And the following grammar.以及以下语法。 This grammar does not parse bullet points and footnotes yet, because I run into another problem already.这个语法还没有解析项目符号和脚注，因为我已经遇到了另一个问题。

grammar.lark文法云雀

elements: element+
?element: field content
?field: FIELD_START field_name FIELD_END
field_name: FIELD_NAME
content: contents*
?contents: paragraph
    | code_block
code_block: CODE_BLOCK_START STR
paragraph: PARAGRAPH_START? STR

FIELD_START: /(\A|[\r\n]{2,})#\[/
FIELD_NAME: /[^\]]+/
FIELD_END: /\]#[\r\n]/
CODE_BLOCK_START: /bc\.\.? /
PARAGRAPH_START: /p\. /
STR: /.+/s

When I run the parser, I get the following output.当我运行解析器时，我得到以下 output。

output output

Tree(Token('RULE', 'elements'), [
    Tree(Token('RULE', 'element'), [
        Tree(Token('RULE', 'field'), [
            Token('FIELD_START', '#['), 
            Tree(Token('RULE', 'field_name'), [
                Token('FIELD_NAME', 'contents')]), 
            Token('FIELD_END', ']#\n')]), 
        Tree(Token('RULE', 'content'), [
            Tree(Token('RULE', 'paragraph'), [
                Token('PARAGRAPH_START', 'p. '), 
                Token('STR', 'This is a paragraph.\n\nWith some bullet points:\n\n* Bullet 1\n* Bullet 2\n* Bullet 3\n\nAnd a code block:\n\nbc.. # Program to display the Fibonacci sequence up to n-th term\n\n"""\\\n* Program to display the Fibonacci sequence up to n-th term\n"""\n\nsearch_string = r"<5>"\n\nnterms = int(input("How many terms? "))\n\n# first two terms\nn1, n2 = 0, 1\ncount = 0\n\np. And after the block of code another paragraph, with a footnote<1>.\n\nbc. fn1. This is the footnote contents\n\np. And here is another paragraph\n\n#[second_field]#\nSome more contents\n')])])])])

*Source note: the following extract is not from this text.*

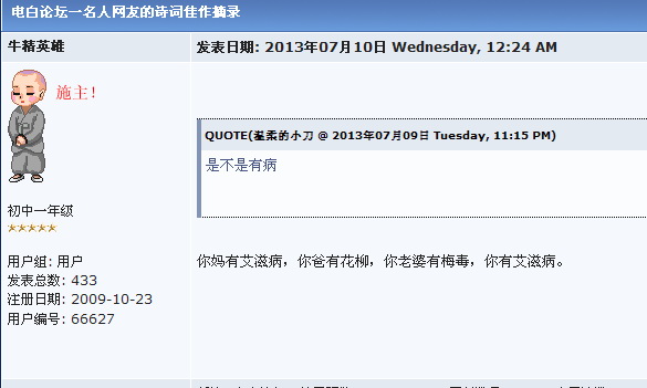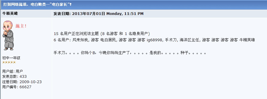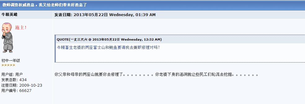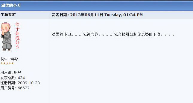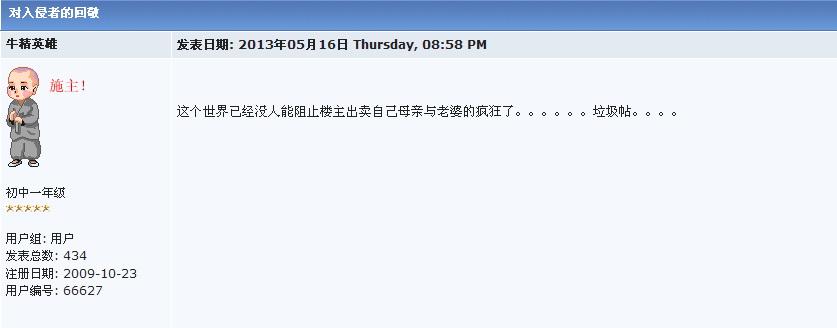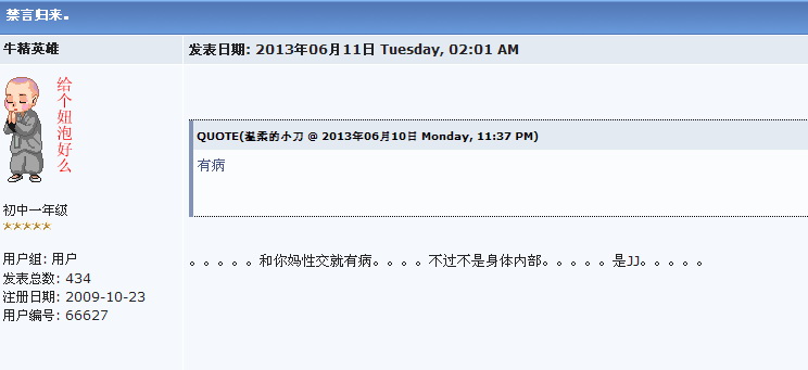 绿 绿色长城 大学三年级 注册 2006-03-07 消息 891 反馈评分 1 点数 1 2013-08-15 #19 远程南瓜锤竟发八九年那件事情的图片,真是哪壶不开提哪壶,你脑子是用什么什么的?是狗屎做的吗? 你这个资深五毛,这头真的不知道怎么说你,领五毛领得头晕了还是你本身就有神经病?

The whole rest of the file is parsed as the paragraph, which is sort of correct, since /.+/s can match anything.文件的整个 rest 被解析为段落，这是正确的，因为/.+/s可以匹配任何内容。 So, I change the definition of STR to /.+?/s to make it non-greedy, but now the output is as follows (pretty printed):因此，我将 STR 的定义更改为/.+?/s以使其不贪婪，但现在 output 如下（打印精美）：

output output

elements
  element
    field
      #[
      field_name        contents
      ]#

    content
      paragraph
        p.
        T
      paragraph h
      paragraph i
      paragraph s
      paragraph
      paragraph i
      paragraph s
      paragraph
      paragraph a
      paragraph
--snip--
      paragraph

      paragraph #
      paragraph [
      paragraph s
      paragraph e
      paragraph c
      paragraph o
      paragraph n
      paragraph d
      paragraph _
      paragraph f
      paragraph i
      paragraph e
      paragraph l
      paragraph d
      paragraph ]
      paragraph #

It parses each character as a paragraph.它将每个字符解析为一个段落。 And it still parses the whole file as paragraph elements.它仍然将整个文件解析为段落元素。

My first solution to this problem was to create a lexer, which creates tokens for FIELD_START, FIELD_END, PARAGRAPH_START, CODE_BLOCK_START and footnote-related tokens.我对这个问题的第一个解决方案是创建一个词法分析器，它为 FIELD_START、FIELD_END、PARAGRAPH_START、CODE_BLOCK_START 和脚注相关的标记创建标记。

My lexer looks as follows:我的词法分析器如下所示：

from lark.lexer import Lexer, Token
import re

class MyLexer(Lexer):
    def __init__(self, *args, **kwargs):
        pass

    def lex(self, data):
        tokens = {
            "FIELD_START": r"(?:\A|[\r\n]{2,})#\[",
            "FIELD_END": r"\]#[\r\n]",
            "FOOTNOTE_ANCHOR": r"<\d>",
            "FOOTNOTE_START": r"bc. fn\d. ",
            "PARAGRAPH_START": r"p\. ",
            "CODE_BLOCK_START": r"bc\.\.? ",
        }
        regex = '|'.join([f"({r})" for r in tokens.values()])
        for x in re.split(regex, data):
            if not x:
                continue
            for token_type, token_regex in tokens.items():
                if re.match(token_regex, x):
                    yield Token(token_type, x)
                    break
            else:
                yield Token("STR", x)

parser = Lark(grammar, lexer=MyLexer, start='elements')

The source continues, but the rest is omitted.